*Records to process*:
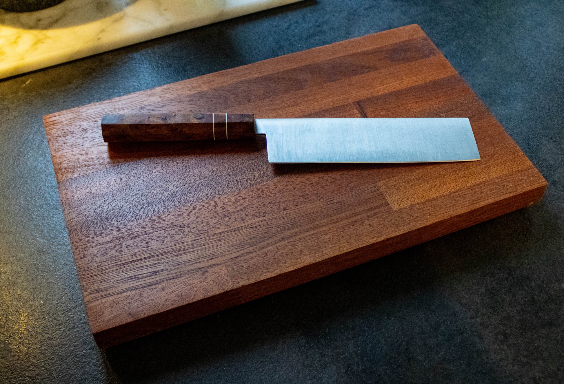 ette elegante skære- og serveringsbræt er fremstillet af stavlimet træ, hvilket giver en smuk, ensartet overflade og høj styrke. Brættet er designet til både madlavning og servering, perfekt til at hakke grøntsager, skære kød eller anrette tapas og ost.
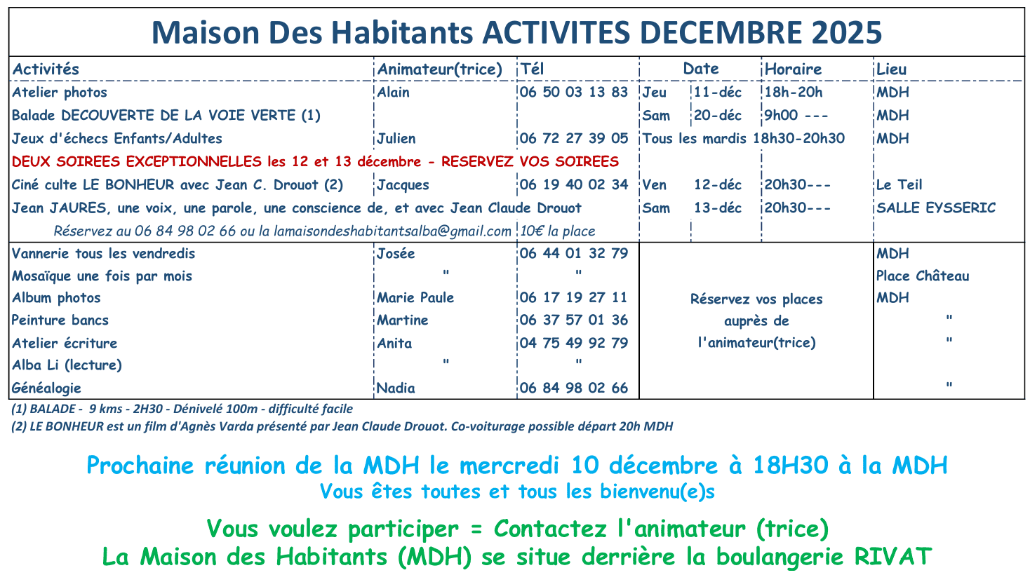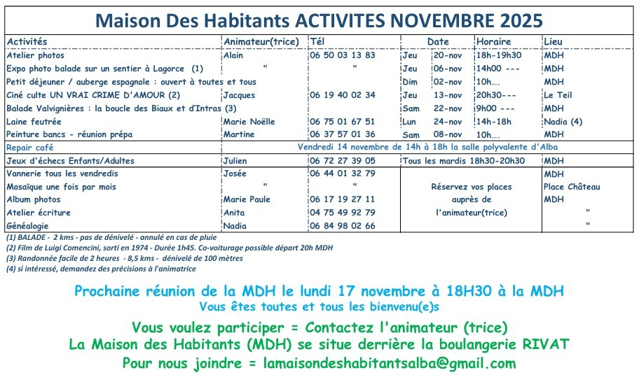 Un calendrier est diffusé chaque fin de mois pour faire part des activités du mois prochain. Et les communications sont relayées sur le site https://www.alba-la-romaine.fr/page/lamaisondeshabitants, intramuros, facebook...
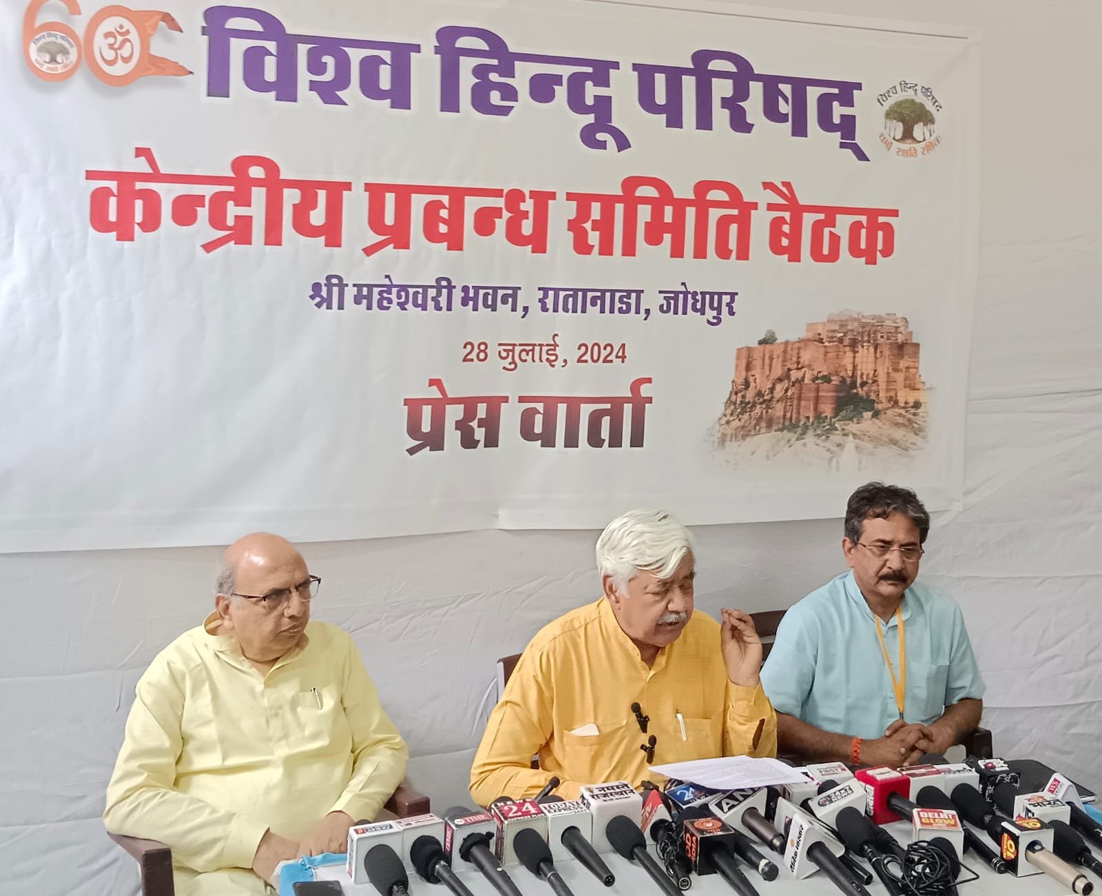 जोधपुर, 28 जुलाई 2024 विश्व हिन्दू परिषद की केन्द्रीय प्रबन्ध समिति की दो दिवसीय बैठक जोधपुर के माहेश्वरी भवन में सम्पन्न हुई। रविवार को बैठक की सम्पूर्ण जानकारी के लिए हुई पत्रकार वार्ता को विहिप के राष्ट्रीय अध्यक्ष व वरिष्ठ अधिवक्ता श्री आलोक कुमार ने सम्बोधित करते हुए कहा कि बैठक में प्रत्येक विस्थापित हिन्दू को नागरिकता मिले, हिन्दू मान्यताओं व परम्पराओं की सात्विकता व पवित्रता सुनिश्चित करने के साथ, मन्दिरों को जागरण, धर्म प्रचार, सेवा व समरसता के केन्द्र बनाने का संकल्प लिया गया।
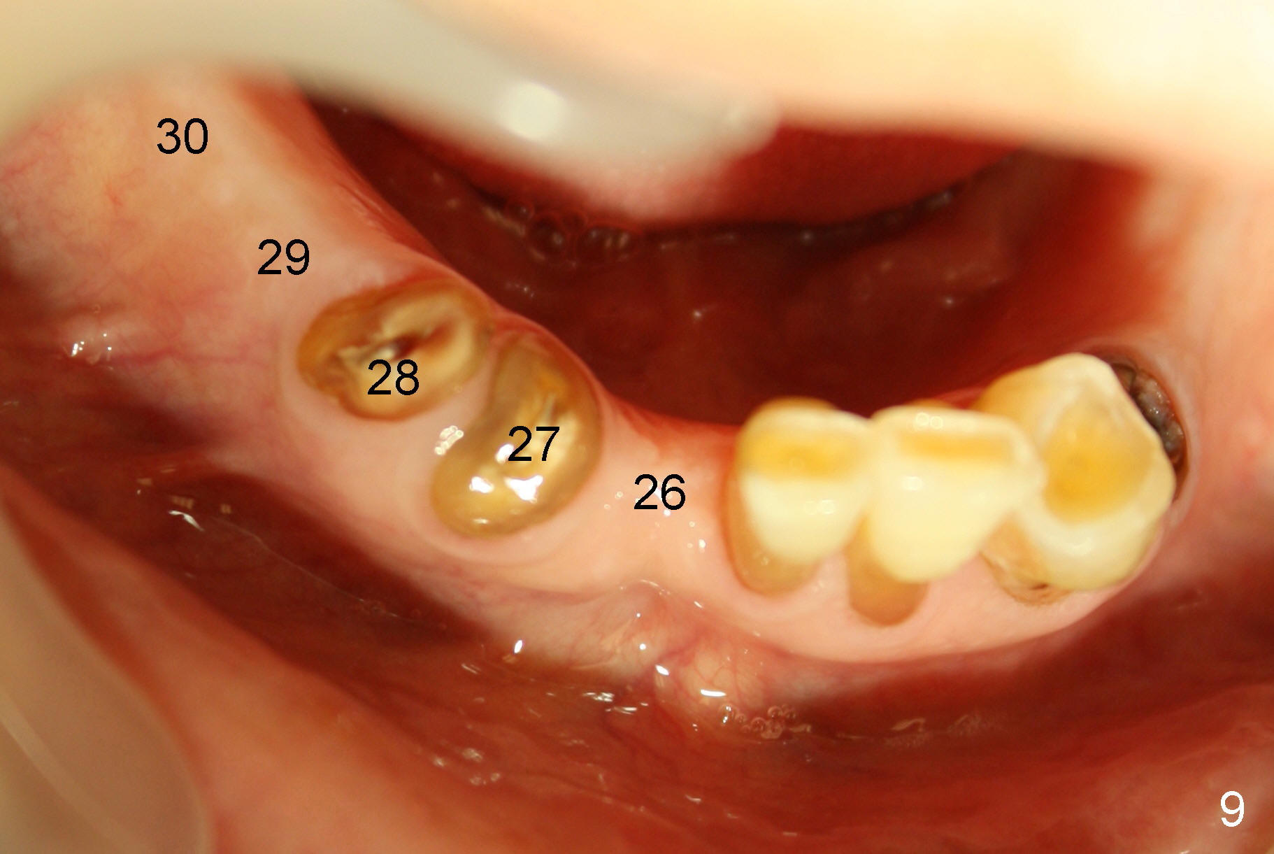 A 85-year-old man has poor dentition (Fig.9). Multiple implants are to be placed at one or two stages (#26-30). If primary stability is obtained for individual implants, they are splinted and immediate provisional is fabricated.
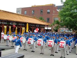 集会结束后,警察开道,天国乐团打头阵环绕唐人街游行,吸引许多中西人士观看,天国乐团的洪大气势震撼着整个唐人街。
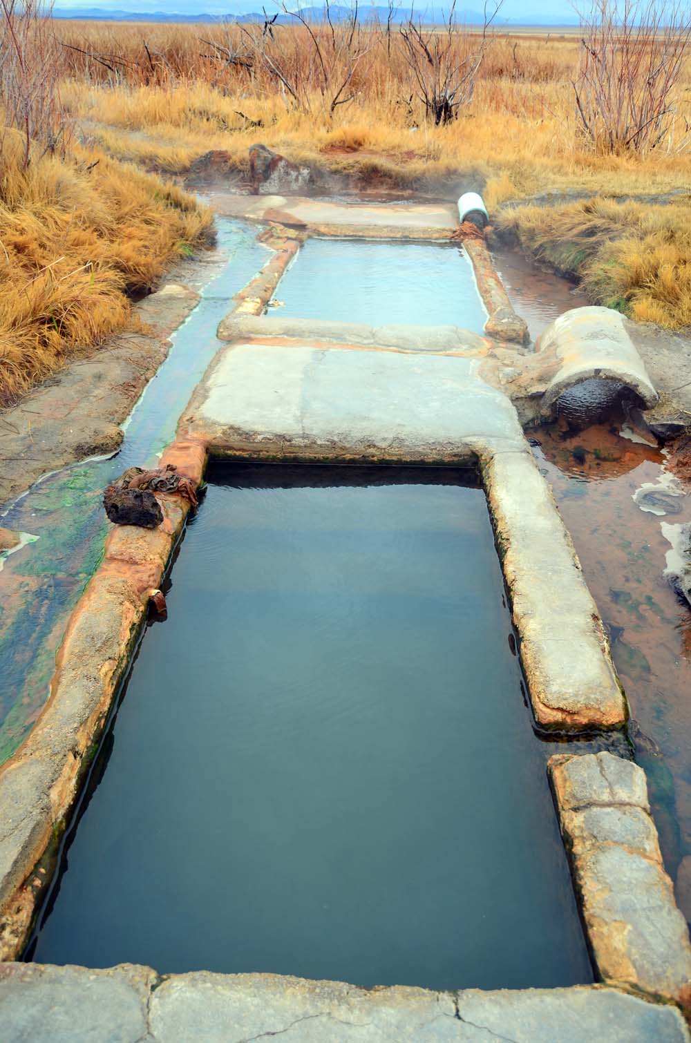 The springs originate in a marshy area and a ditch brings the hot water down into three old concrete tubs. The tubs are not big – two people can soak per tub in comfort. Three or more can fit in if you don't mind being cozy.
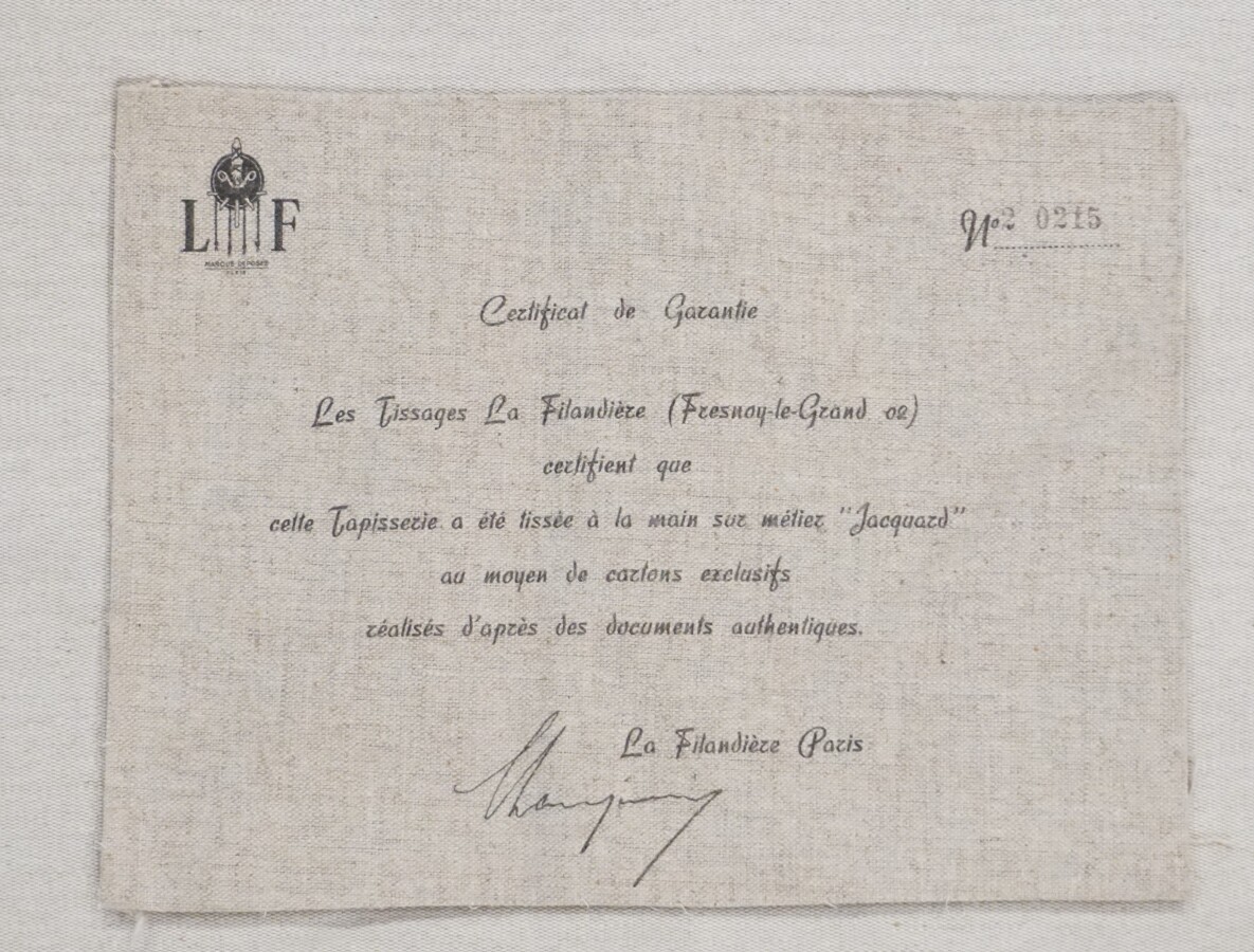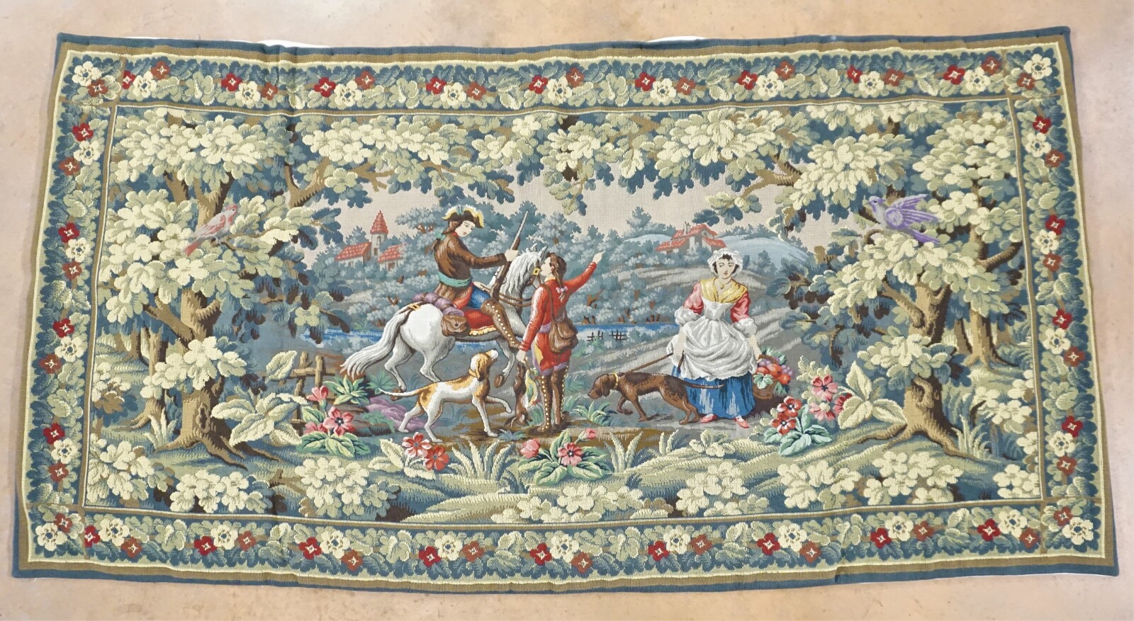 La Filandière Paris; tapisserie en laine représentant une scène de retour de chasse, 101 x 193 cm (porte une étiquette au dos)
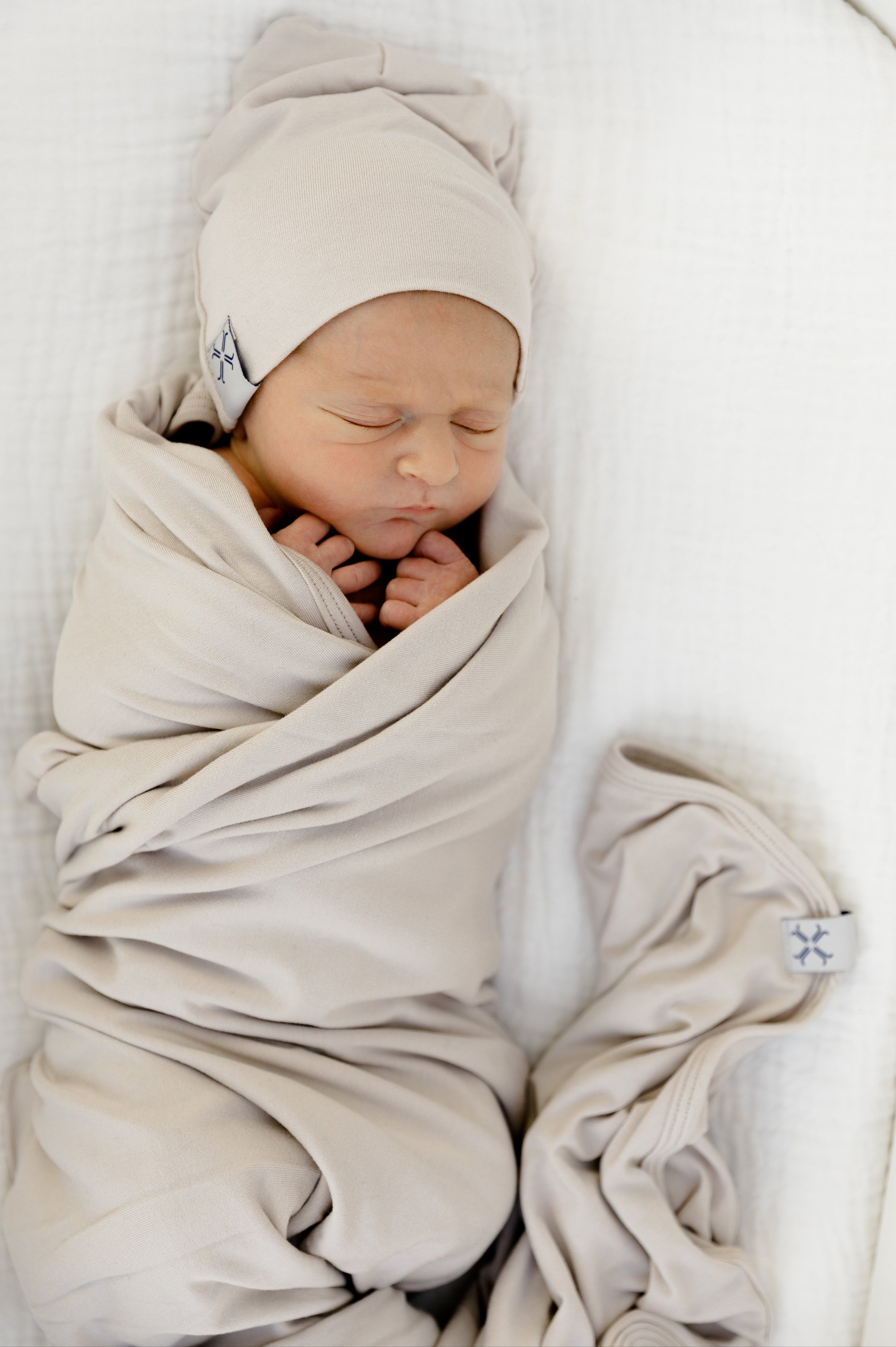 The popular Jacqueline & Jac beanie & blanket gift set includes a large blanket with a matching Jacqueline & Jac beanie. The blanket is super soft with ample amount of stretch. It includes a direction card for your baby to be perfectly swaddled in their new set. The matching duo comes in a gift box, and is perfect for leaving the hospital comfortably and in style.
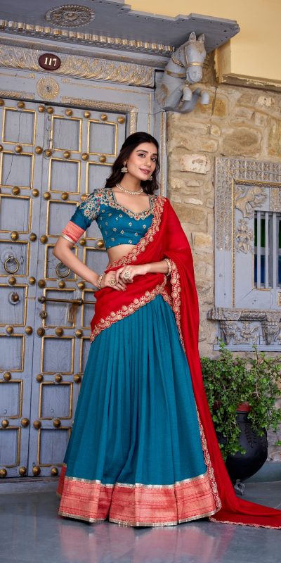 Teal Vichitra Silk Embroidery Zari Work Lehenga Choli
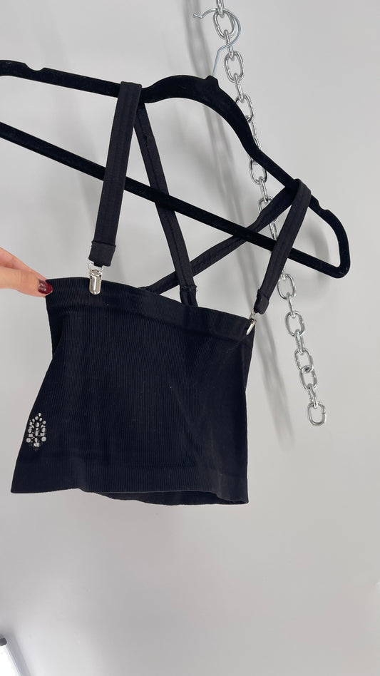 Free People Black Ribbed Tank with Metal Bust Detail and Adjustable Straps (Medium)
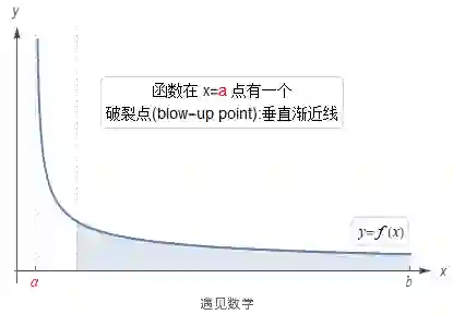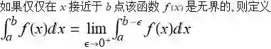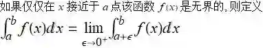 中 f 不是有界的: 当 x 在区间 [a,b] 内, 函数 f 在区间有一条垂直渐近线的时候, 函数会在渐近线附近变得很大, 且没有界限, 这就使该积分成了反常积分(improper).
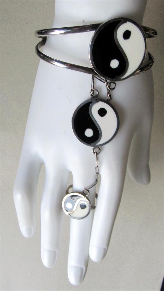 Vintage ying yang enameled cuff slave bracelet with attached adjustable ring.  This was from my vintage shop that closed in the early 1990's.
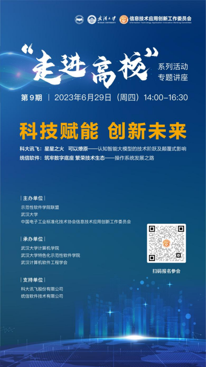 2023629日(星期四),学院举办“信创”技术报告会,来自科大讯飞、统信软件的专家,围绕软硬件自主化,介绍先进思想和技术。报告会中也会介绍企业就业相关信息。欢迎老师、同学参加。有意参加的同学,请扫码报名。
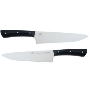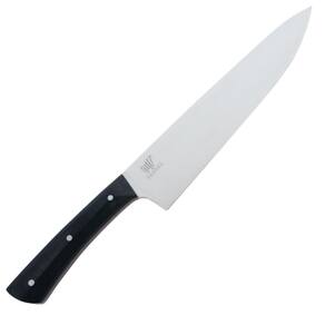 Faca do chef para ampla variedade de tarefas de cortes em carnes, aves, peixes, legumes e vegetais. Cabo de micarta um compósito feito a partir de camadas de tecidos (algodão, lona, linho ou papel) impregnadas com resina fenólica e prensadas sob alta pressão e temperatura.
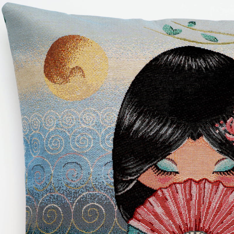 Piękna dekoracyjna poszewka Gobelin Japonka 2 45x45 na poduszkę elegancko ozdobi Twoje wnętrze. Zasuwana na zamek błyskawiczny. Poszewka dwustronna.

*Aim of the exercise*:
The reply has to reproduce every line above verbatim and contain no pictures.

*Response*:
 ette elegante skære- og serveringsbræt er fremstillet af stavlimet træ, hvilket giver en smuk, ensartet overflade og høj styrke. Brættet er designet til både madlavning og servering, perfekt til at hakke grøntsager, skære kød eller anrette tapas og ost.
 Un calendrier est diffusé chaque fin de mois pour faire part des activités du mois prochain. Et les communications sont relayées sur le site https://www.alba-la-romaine.fr/page/lamaisondeshabitants, intramuros, facebook...
 जोधपुर, 28 जुलाई 2024 विश्व हिन्दू परिषद की केन्द्रीय प्रबन्ध समिति की दो दिवसीय बैठक जोधपुर के माहेश्वरी भवन में सम्पन्न हुई। रविवार को बैठक की सम्पूर्ण जानकारी के लिए हुई पत्रकार वार्ता को विहिप के राष्ट्रीय अध्यक्ष व वरिष्ठ अधिवक्ता श्री आलोक कुमार ने सम्बोधित करते हुए कहा कि बैठक में प्रत्येक विस्थापित हिन्दू को नागरिकता मिले, हिन्दू मान्यताओं व परम्पराओं की सात्विकता व पवित्रता सुनिश्चित करने के साथ, मन्दिरों को जागरण, धर्म प्रचार, सेवा व समरसता के केन्द्र बनाने का संकल्प लिया गया।
 A 85-year-old man has poor dentition (Fig.9). Multiple implants are to be placed at one or two stages (#26-30). If primary stability is obtained for individual implants, they are splinted and immediate provisional is fabricated.
 集会结束后,警察开道,天国乐团打头阵环绕唐人街游行,吸引许多中西人士观看,天国乐团的洪大气势震撼着整个唐人街。
 The springs originate in a marshy area and a ditch brings the hot water down into three old concrete tubs. The tubs are not big – two people can soak per tub in comfort. Three or more can fit in if you don't mind being cozy.
 La Filandière Paris; tapisserie en laine représentant une scène de retour de chasse, 101 x 193 cm (porte une étiquette au dos)
 The popular Jacqueline & Jac beanie & blanket gift set includes a large blanket with a matching Jacqueline & Jac beanie. The blanket is super soft with ample amount of stretch. It includes a direction card for your baby to be perfectly swaddled in their new set. The matching duo comes in a gift box, and is perfect for leaving the hospital comfortably and in style.
 Teal Vichitra Silk Embroidery Zari Work Lehenga Choli
 Free People Black Ribbed Tank with Metal Bust Detail and Adjustable Straps (Medium)
 中 f 不是有界的: 当 x 在区间 [a,b] 内, 函数 f 在区间有一条垂直渐近线的时候, 函数会在渐近线附近变得很大, 且没有界限, 这就使该积分成了反常积分(improper).
 Vintage ying yang enameled cuff slave bracelet with attached adjustable ring.  This was from my vintage shop that closed in the early 1990's.
 2023629日(星期四),学院举办“信创”技术报告会,来自科大讯飞、统信软件的专家,围绕软硬件自主化,介绍先进思想和技术。报告会中也会介绍企业就业相关信息。欢迎老师、同学参加。有意参加的同学,请扫码报名。
 Faca do chef para ampla variedade de tarefas de cortes em carnes, aves, peixes, legumes e vegetais. Cabo de micarta um compósito feito a partir de camadas de tecidos (algodão, lona, linho ou papel) impregnadas com resina fenólica e prensadas sob alta pressão e temperatura.
 Piękna dekoracyjna poszewka Gobelin Japonka 2 45x45 na poduszkę elegancko ozdobi Twoje wnętrze. Zasuwana na zamek błyskawiczny. Poszewka dwustronna.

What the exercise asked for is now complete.